• _SUPPLIED INFORMATION_
<<<<

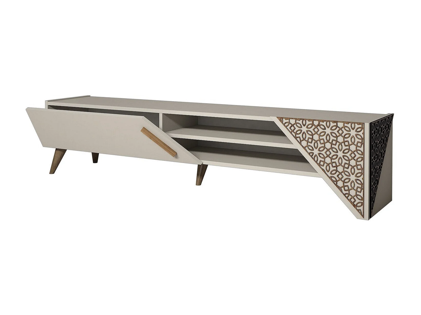 Mobile TV – larghezza 180 cm, altezza 37 cm, profondità 40 cm – crema – pannello truciolare rivestito in melaminico
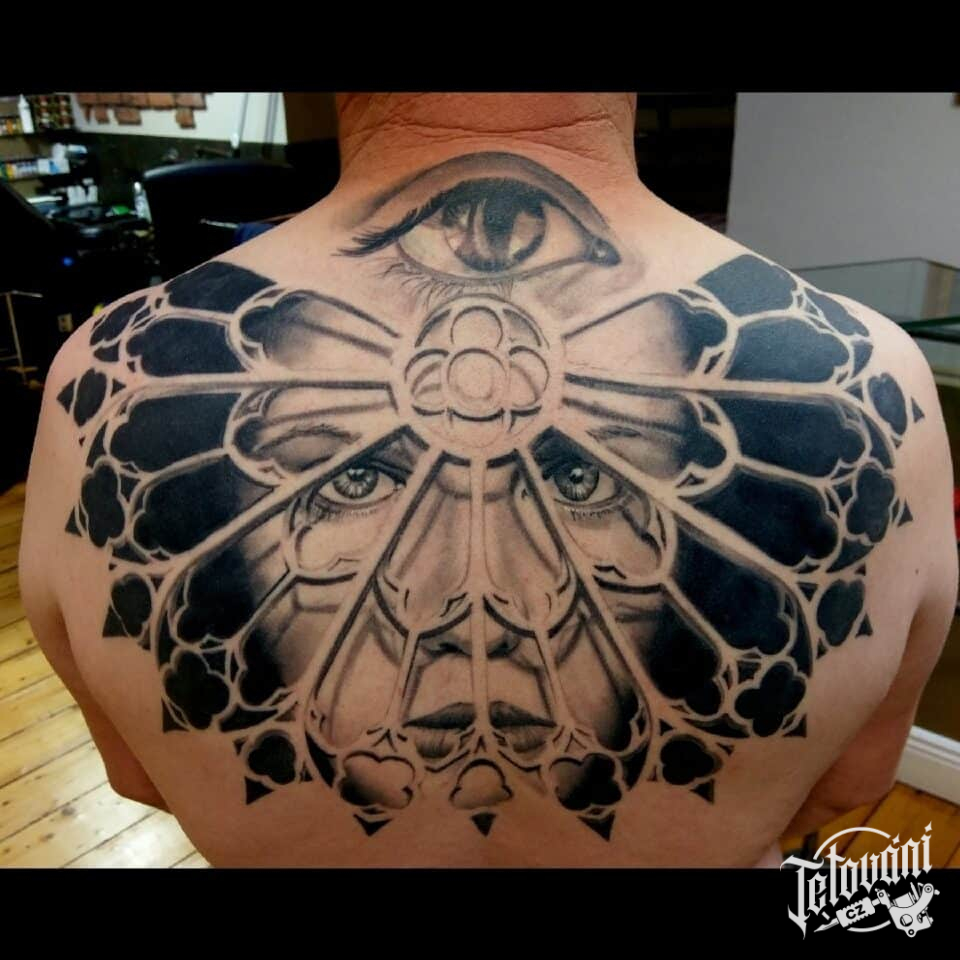 Tetování portrét, oko na zádech
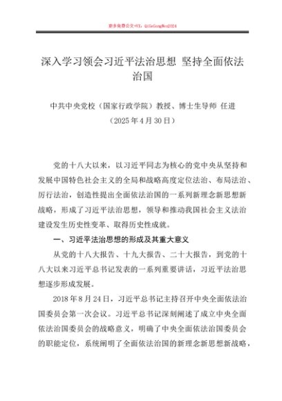/ 党课讲稿:20250430深入学习领会习近平法治思想 坚持全面依法治国——中共中央党校(国家行政学院)教授、博士生导师 任进
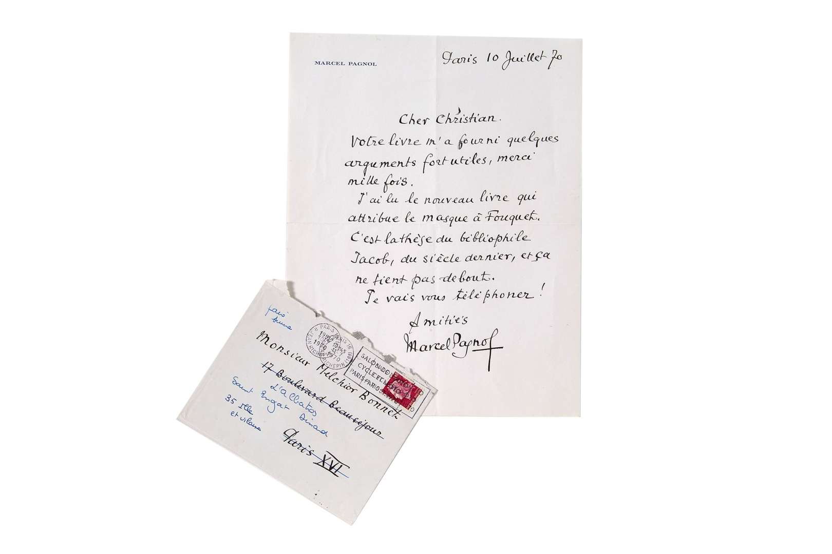 LAS signée "Marcel Pagnol", Paris 10 juillet 70, adressée à Christian MELCHIOR-BONNET, 1 page in-4, sur papier en-tête Marcel Pagnol, enveloppe.
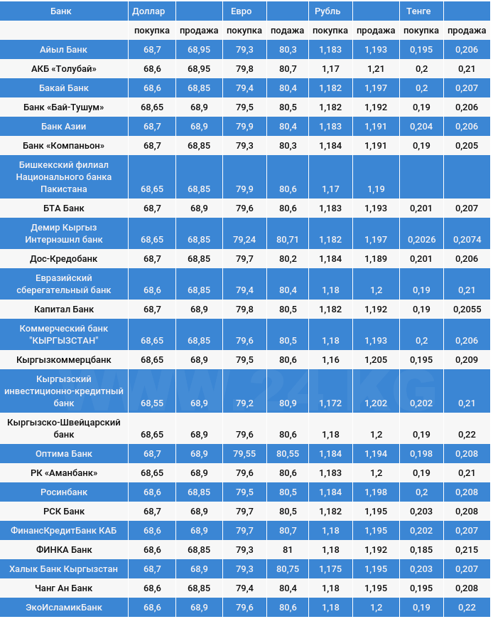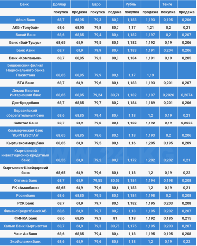 Курс доллара в коммерческих банках Кыргызстана на 31 октября
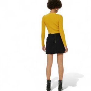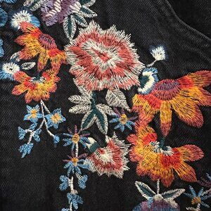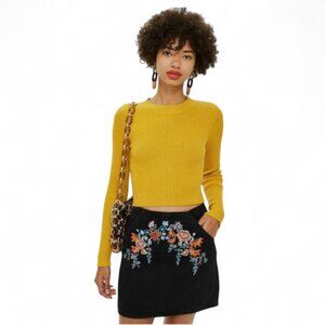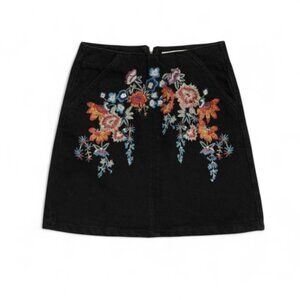 Topshop Moto Black Denim Skirt with Floral Embroidery and Zipper Back, 8
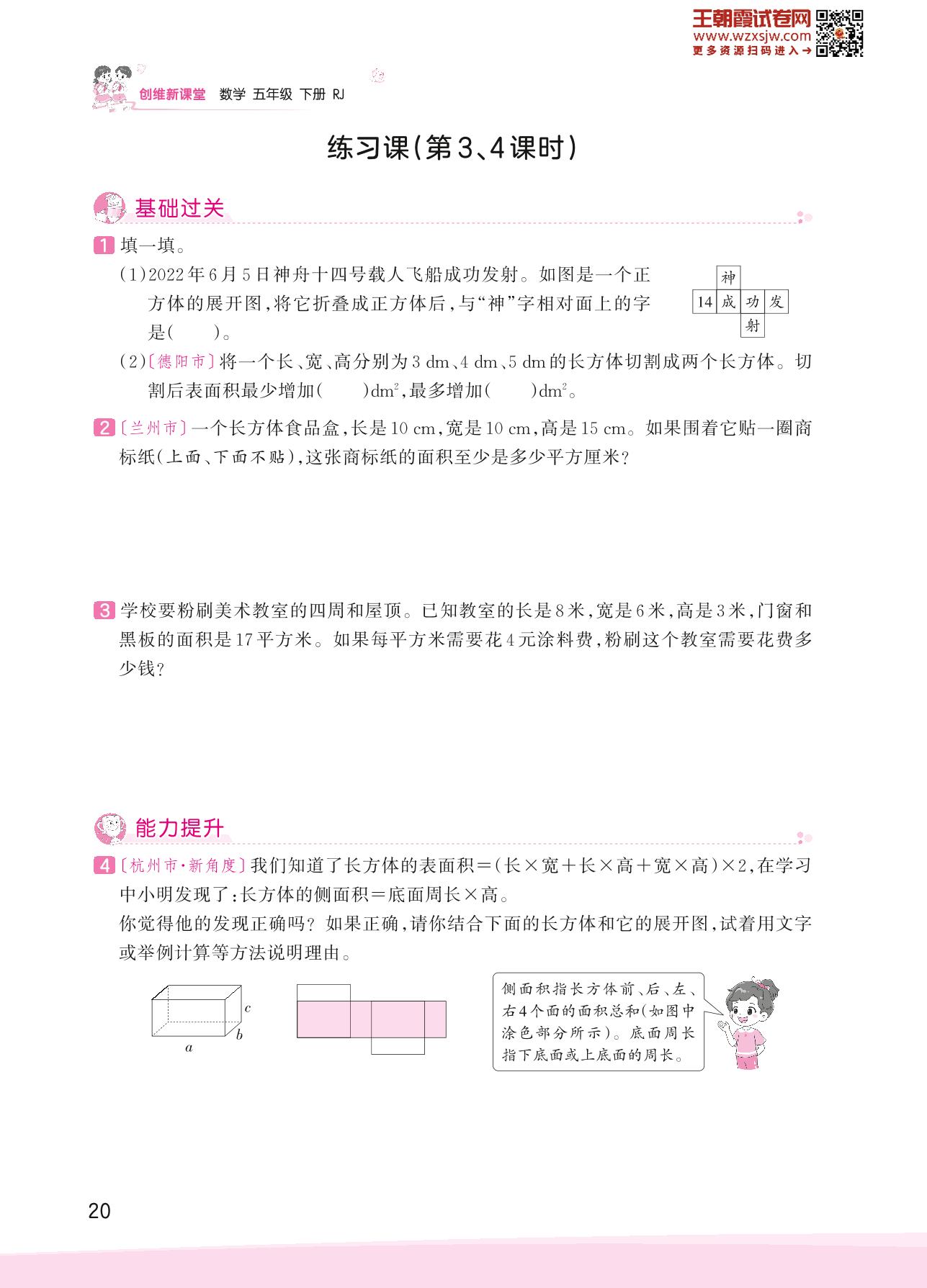 2023下册五年级数学人教版 三 长方体和正方体——练习课(第3、4课时)
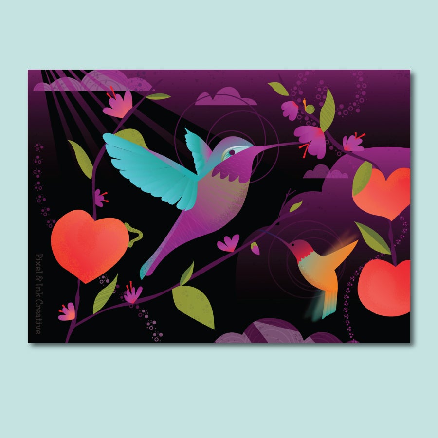 Brighten up any space with this pretty cool, colorful hummingbird print!
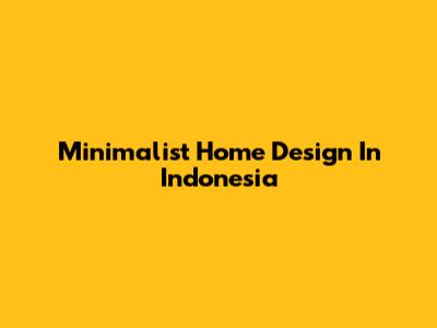 Minimalist Home Design In Indonesia
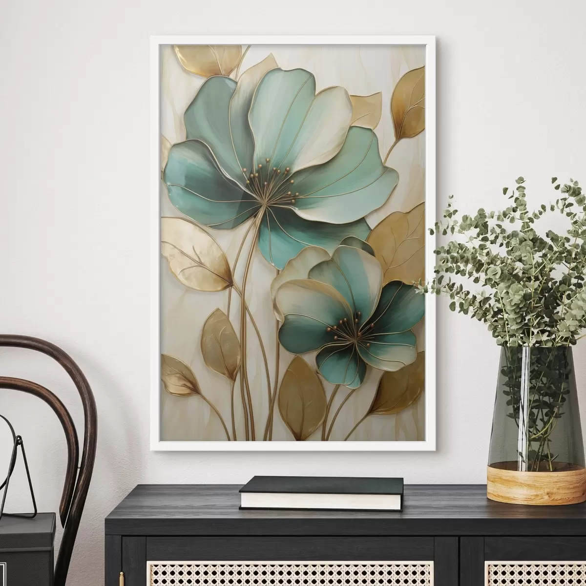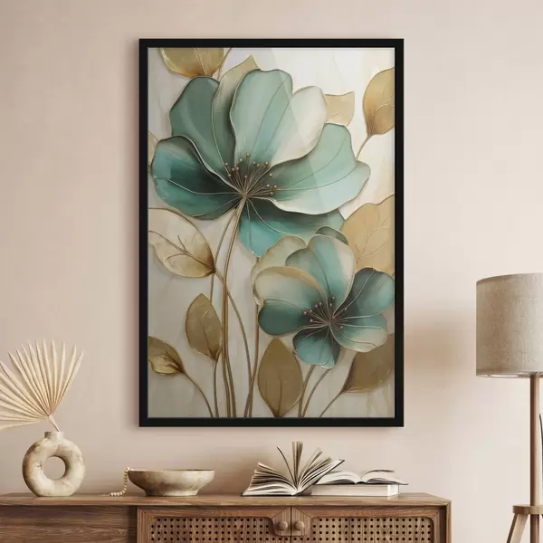 Poster Große blaugrüne und gelbe Blumen mit Konturen, umgeben von gelben Blättern vor abstraktem Hintergrund Nr f47418
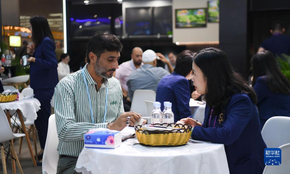10月15日,在一家液晶電視展&,外國採購商在洽談業務。
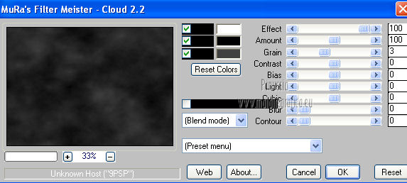 Premere successivamente il tasto Reset serve per cambiare casualmente (ragione per la quale il tuo risultato non potrà essere uguale al mio esempio, l'aspetto delle nuvole.
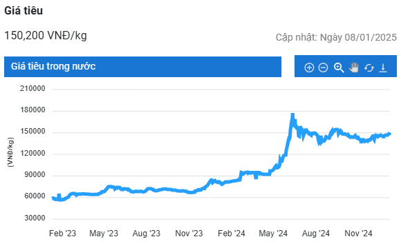 Tương tự, giá tiêu tại tỉnh Gia Lai cũng tăng 500 đồng/kg và được giao dịch ở mốc 150.000 đồng/kg.
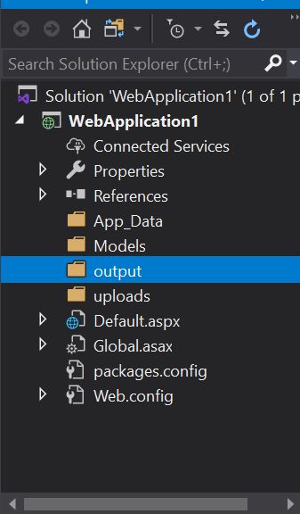 5. Select WebApplication1 in Solution Explorer, right click the mouse, select Add - New Folder, rename the folder to output and Add - New Folder again.
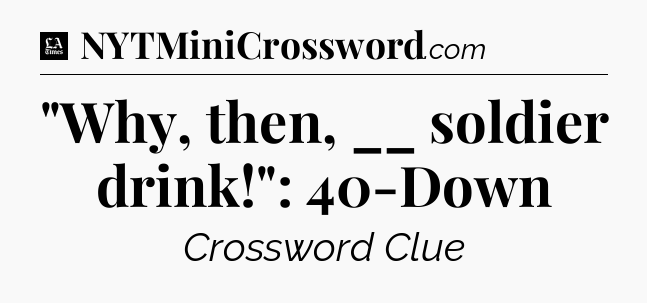 The clue “”Why, then, __ soldier drink!”: 40-Down” most recently appeared in a LA Times Crossword on November 17, 2019.

>>>>

• _ASSIGNMENT_
Restate the records above word for word. Skip every picture.

• _FINAL ANSWER_
 Mobile TV – larghezza 180 cm, altezza 37 cm, profondità 40 cm – crema – pannello truciolare rivestito in melaminico
 Tetování portrét, oko na zádech
/ 党课讲稿:20250430深入学习领会习近平法治思想 坚持全面依法治国——中共中央党校(国家行政学院)教授、博士生导师 任进
 LAS signée "Marcel Pagnol", Paris 10 juillet 70, adressée à Christian MELCHIOR-BONNET, 1 page in-4, sur papier en-tête Marcel Pagnol, enveloppe.
 Курс доллара в коммерческих банках Кыргызстана на 31 октября
 Topshop Moto Black Denim Skirt with Floral Embroidery and Zipper Back, 8
 2023下册五年级数学人教版 三 长方体和正方体——练习课(第3、4课时)
 Brighten up any space with this pretty cool, colorful hummingbird print!
 Minimalist Home Design In Indonesia
 Poster Große blaugrüne und gelbe Blumen mit Konturen, umgeben von gelben Blättern vor abstraktem Hintergrund Nr f47418
10月15日,在一家液晶電視展&,外國採購商在洽談業務。
 Premere successivamente il tasto Reset serve per cambiare casualmente (ragione per la quale il tuo risultato non potrà essere uguale al mio esempio, l'aspetto delle nuvole.
 Tương tự, giá tiêu tại tỉnh Gia Lai cũng tăng 500 đồng/kg và được giao dịch ở mốc 150.000 đồng/kg.
 5. Select WebApplication1 in Solution Explorer, right click the mouse, select Add - New Folder, rename the folder to output and Add - New Folder again.
 The clue “”Why, then, __ soldier drink!”: 40-Down” most recently appeared in a LA Times Crossword on November 17, 2019.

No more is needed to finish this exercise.